The model was trained using the following steps:
- Reviews with more than 5 helpful votes are labeled as 1 (helpful), else 0 (not helpful).
- The feature used for prediction is the review text.
- TF-IDF vectorization is applied to convert text to numeric features, limited to 3 features for simplicity.
- A RandomForestClassifier is used for training.
- The dataset is split into 80% training and 20% testing sets.
The classification report from the model is as follows:
precision recall f1-score support
0 0.89 0.99 0.94 81337
1 0.45 0.07 0.13 10551
accuracy 0.88 91888
macro avg 0.67 0.53 0.53 91888 weighted avg 0.84 0.88 0.84 91888
The model shows high precision for class 0 (not helpful), but low precision and recall for class 1 (helpful), indicating a model bias towards predicting not helpful reviews.
- Balancing the Dataset: The dataset is highly imbalanced, with most reviews having 0 votes. This imbalance can lead to biased results, which is evident from the precision and recall scores. Techniques like SMOTE, undersampling, or assigning class weights in the model could be explored to address this imbalance.
- Incorporating More Features: Although the current model uses only 3 features due to computational constraints, including more features such as the length of the review, the sentiment score, and the time of the review could potentially improve the model's performance.
- Preventing Overfitting: Care must be taken not to overfit the model when adding more features.
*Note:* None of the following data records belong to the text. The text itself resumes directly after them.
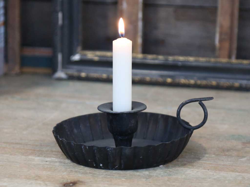 Rustikaler Kammerleuchter mit Schale von Chic Antique, passend für jeden Wohnbereich. Die Schale kann je nach Jahreszeit dekoriert werden, muss aber nicht. Farbe: antik kohle Maße: H6/D16 cm Material: Eisen Passende Stabkerzen D2cm Versandbereit innerhalb von 24 Stunden.
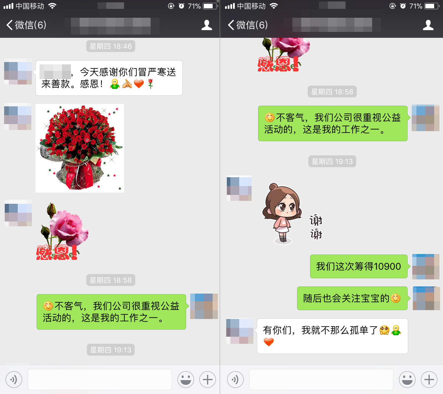 1月中旬,在活動接近尾聲之際,中安科股份派遣代表前往雙胞胎母親丁女士工作地點,將所有善款10900元親自交予她本人手中。丁女士接到善款之后非常感動,在志愿者走后再次發微信表示感激之情,“謝謝你們冒嚴寒送來善款,有了你們,我就不那么孤單了”。
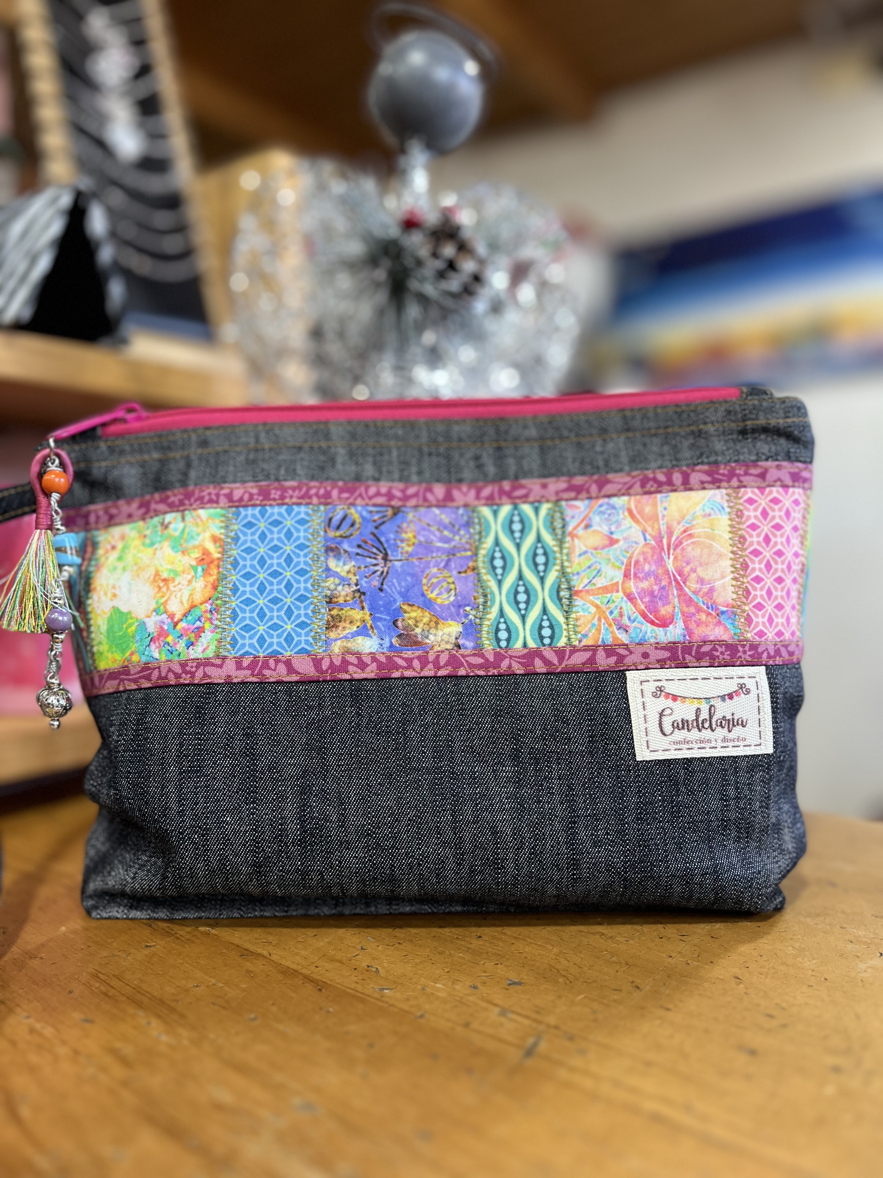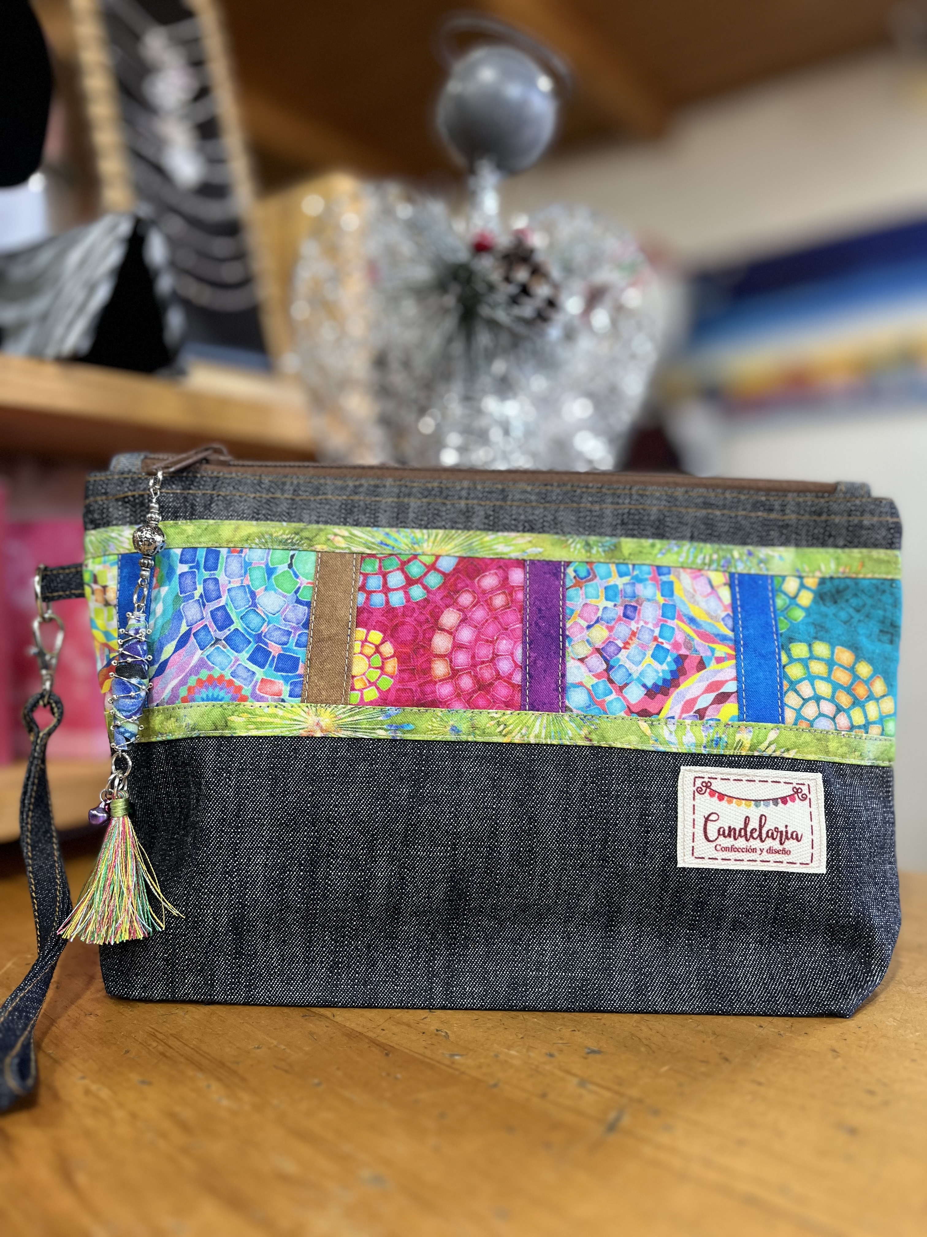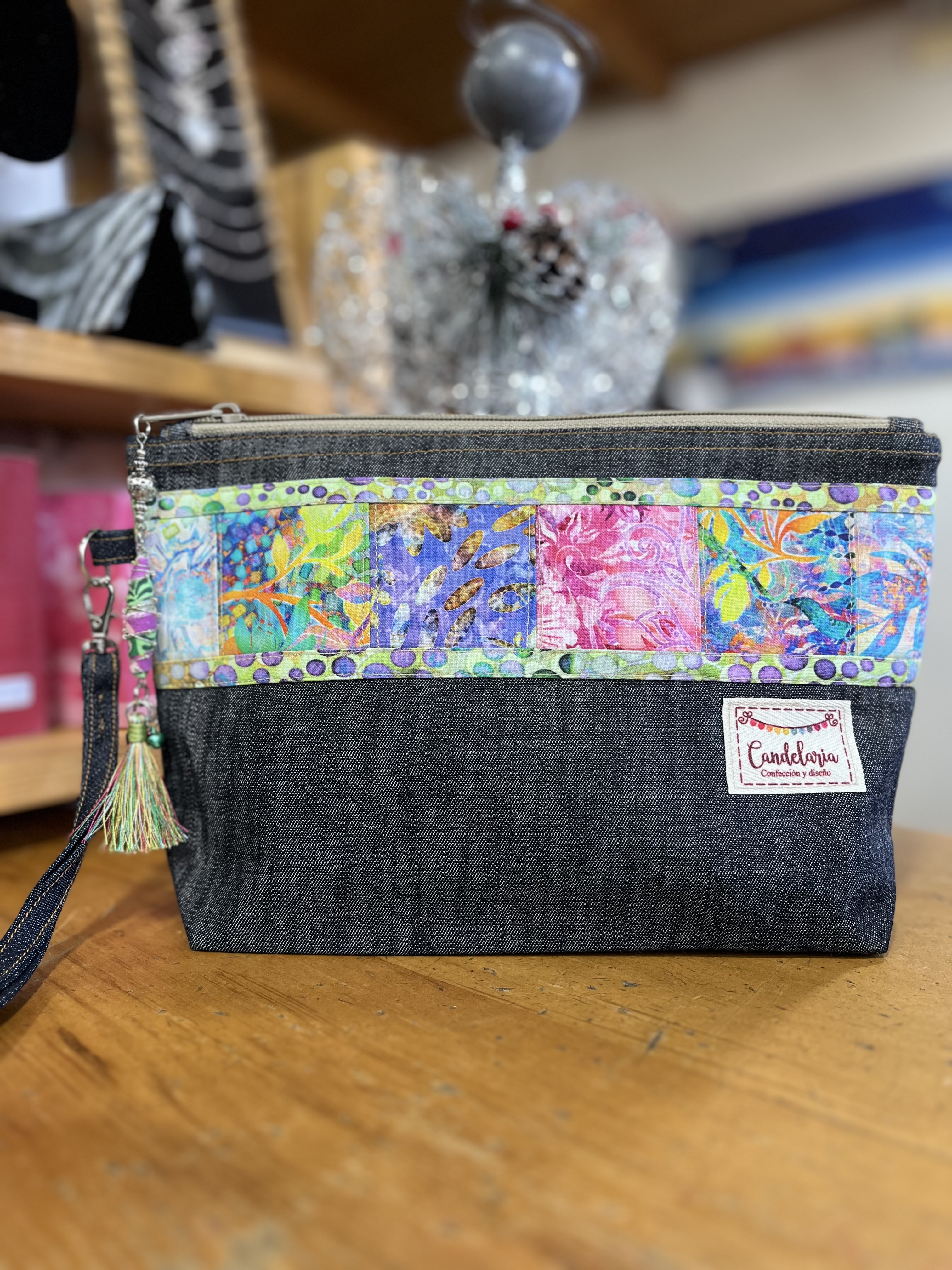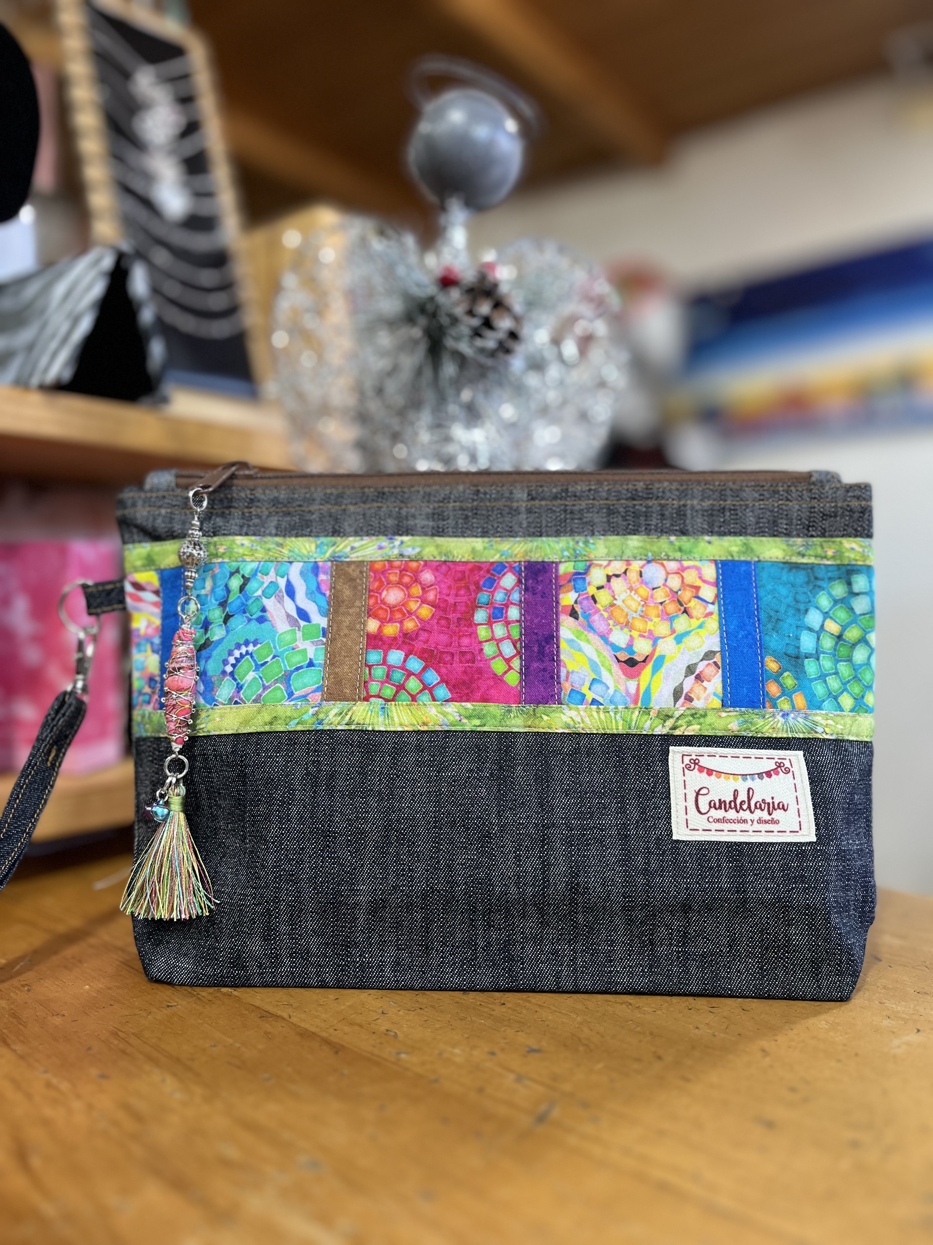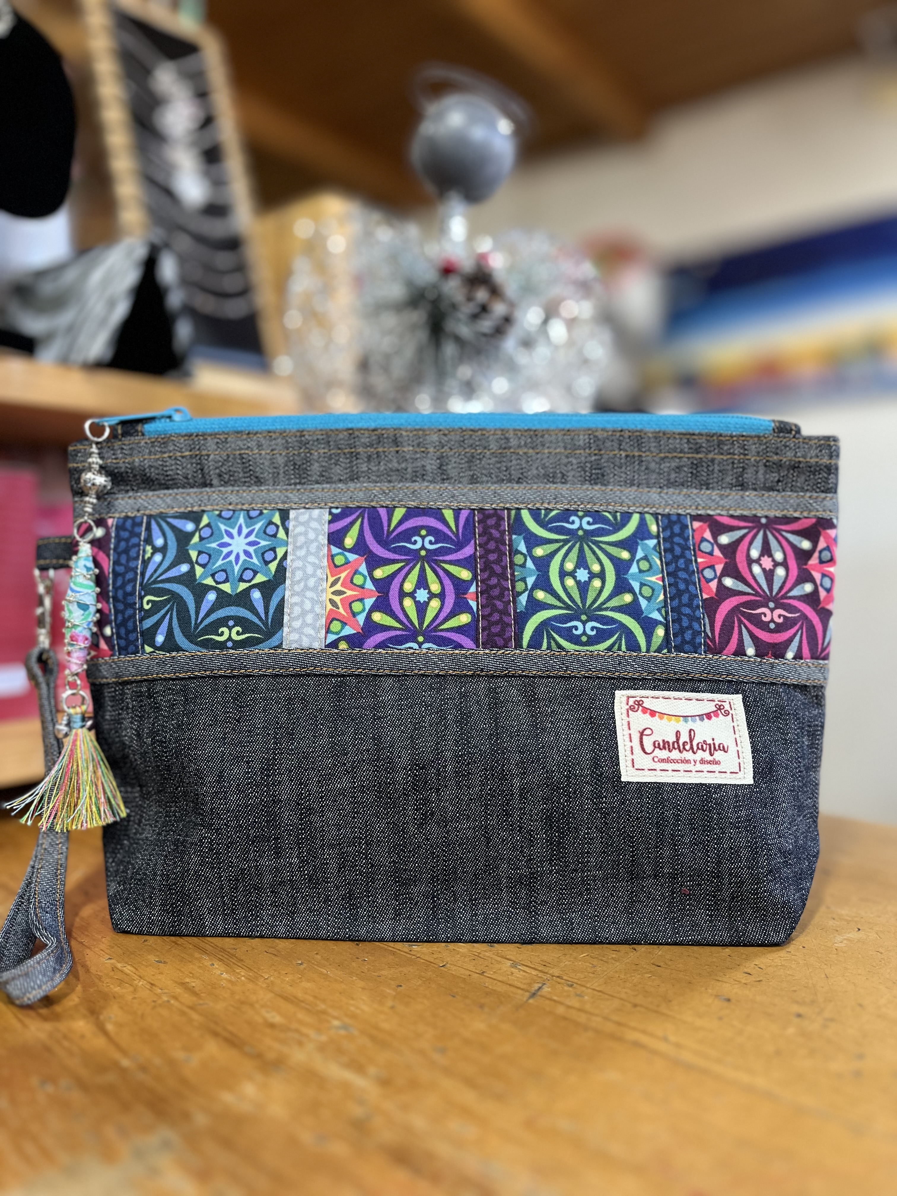 Estuche XL mosaico mezclilla y algodon con asa desmontable

Cross-validation and regularization techniques should be used to ensure the model generalizes well to unseen data.
- Additional Resources: With more computational power and time, a more thorough grid search for hyperparameter tuning could be conducted, and more complex models or ensemble methods could be tested.
By addressing these points, we could improve the model's ability to accurately predict the helpfulness of reviews.